Philosophers and other intellectuals have said a whole lot about truth. From Socrates onward the question was to determine what exactly this concept is that everybody seems to approve or aim to achieve. The propositions have been numerous but the lack of consensus appears to amount to the most basic failure, because we lose sight of what we really want to achieve and of what is really the object of our approval. In the last century or so, many philosophers associated with an intellectual tradition close to relativism, social constructivism and postmodernism have come to defend a deflationary stance on truth, somewhat lowering the case for certainty and objectivity. All of this could just be a matter of speech if it were not for the real consequences that this failure has emboldened. In effect, absence of agreement about truth is one major reason for all kinds of abuses in politics.
Some other philosophers closer to the scientific tradition, with its influence on policy, have defended what they identify as the role of truth in politics. For instance, the American philosopher Daniel Dennett found the culprits for this post-truth era in postmodernists who are allegedly “responsible for the intellectual fad that made it respectable to be cynical about truth and facts” (The Guardian, Feb. 2017). He thus “begrudge[s] every hour that [he has] to spend worrying about political issues” and bemoans the demise of truth in the politics of Trump. This is one example among many. While the opinions of philosophers about truth and politics often diverge, they can have a truly important influence on how truth is perceived, understood and instrumentalized in social life in general and in politics in particular. Two examples from the left are most telling.

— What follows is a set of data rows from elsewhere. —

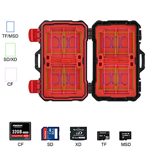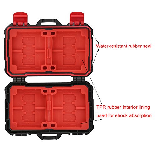 -. Feature : Unique design: Card box with convex design,you can comfortably grip the cartridge;and Cartridge lock to prevent the memory card is lost / Snug fit - Molded specifically to hold Micro and Standard SD Cards securely / Stability: The cards store insert drawers securely in the hard rubber, Each slot is strictly tailored to fit the card,Extremely stable / Application : Hard protective shell, water-resistant and robust memory cards protection box made of polycarbonate.Fits for SD card, Micro SD card, CF cards / High capacity : 4 slots for CF card ,8 slots for SD cards and 12 slots for Micro SD memory card
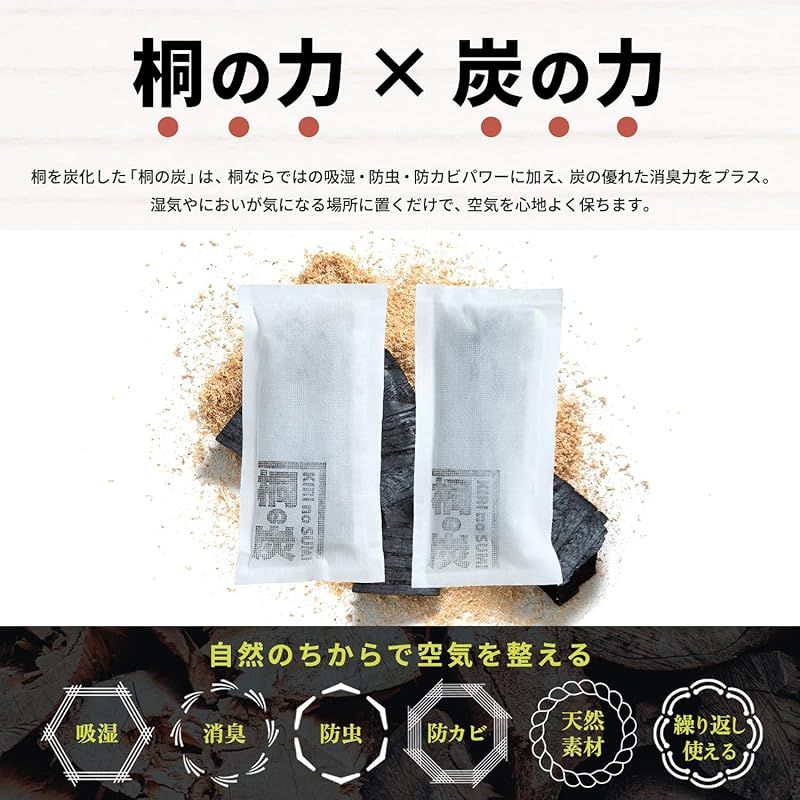 【 桐の炭 日本製 】 湿気やニオイの気になる場所に置くだけ 薬品不使用 繰り返し使える 天然素材の桐のチカラで調湿 防虫 防カビ 引き出し 衣類収納 湿気取り クローゼット 押入れ 除湿 玄関 靴 脱臭 冷蔵
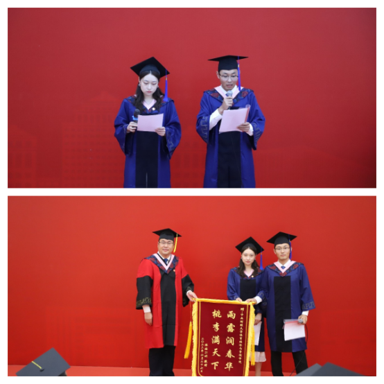 2023届研究生毕业生为学院送上锦旗,祝福学院“雨露润春华,桃李满天下。”
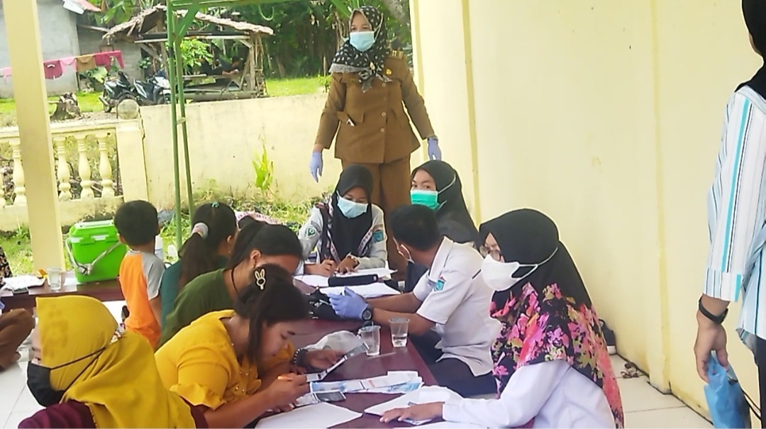 Suntik Vaksinasi Covid-19 Oleh Tim Vaksinator Puskesmas Rantau Panjang Di Kantor Desa Kotadaro 1 Kec.Rantau Panjang Kab.Ogan Ilir
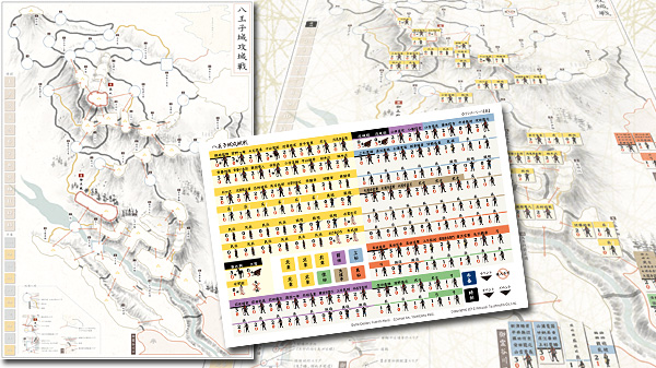 『八王子城攻城戦』は、2人用のウォーゲームです。プレイヤーは天下統一を目前にした豊臣軍と、それを阻止しようと八王子城に籠城する北条軍に分かれて対戦します。本作では戦国時代の臨場感のある山城の籠城戦を体験することができるでしょう。
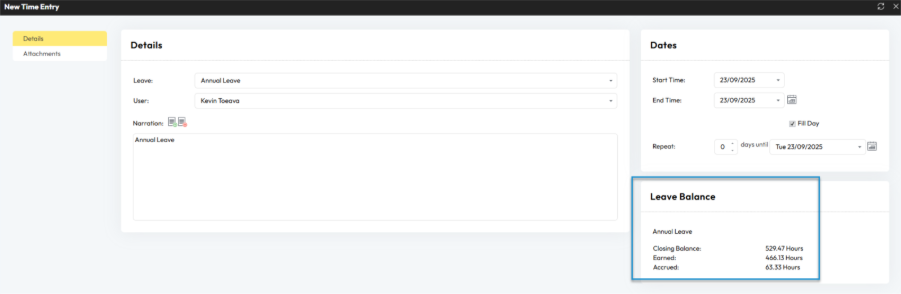 For TimeTrak and MYOB Acumatica Payroll users, this release lets you view leave balances when entering leave through TimeTrak Professional or the APP. To enable this, map Acumatica Entitlement IDs to leave codes in TimeTrak.

Gianni Vattimo is emeritus professor of philosophy at the University of Turin and a member of the European Parliament who published in 2011 A Farewell to Truth, in which he contends that “truth as absolute objective correspondence […] is more a danger than a blessing.” According to him, modern politics never abandoned the notion of truth as correspondence to reality and that is the reason why we cannot have a true democracy. Therefore, “truth” should be abandoned.
Pulitzer Prize winner Michiko Kakutani recently published a book called The Death of Truth: Notes on Falsehood in the Age of Trump in which she depicts the epistemic crisis we live in. This crisis emerged from anti-intellectualism, post-modernism and paranoia, and celebrates subjectivity with “the diminution of objective truth.” While reminding us that two of the most monstrous regimes in human history came to power in the twentieth century by being predicated upon the violation and despoiling of truth, she contends that without it “democracy is hobbled.” Therefore, “truth” should be re-conquered.
The more recent attacks on truth, especially in American politics with the ascent of Trump, have arguably come from the populist right, and globally with figures such as Boris Johnson, Jair Bolsanaro and Narendra Modi. However, the Left also participates in this masquerade, especially in what could be seen as exaggerations from certain academic circles (close to Vattimo for example). What explains these wars on truth? Postmodernism is an obvious culprit. Perhaps like the Loch Ness monster, many think they have seen it but each provides a different description of it. A conceptual distinction from philosopher Richard Rorty (1989), often associated with this école de pensée, between two stances called “solidarity” and “objectivity,” is useful in understanding why both ‘slayers’ and ‘defenders’ of “truth” are found across the political spectrum, but also how, if ever, a truce can be instituted.
Accordingly, this paper falls into the domain of political epistemology, which is the theory of knowledge applied to our political lives. The first section is devoted to a broad presentation of the concept of truth. It then presents Vattimo’s and Kakutani’s position on truth. The fifth section interprets the quarrels over truth in politics with Rorty’s distinction, while the sixth section attempts to explain why both the Left and the Right have come to “fight” with it. The last section sketches the conditions for truce over truth between the solidarity” and “objectivity” stances.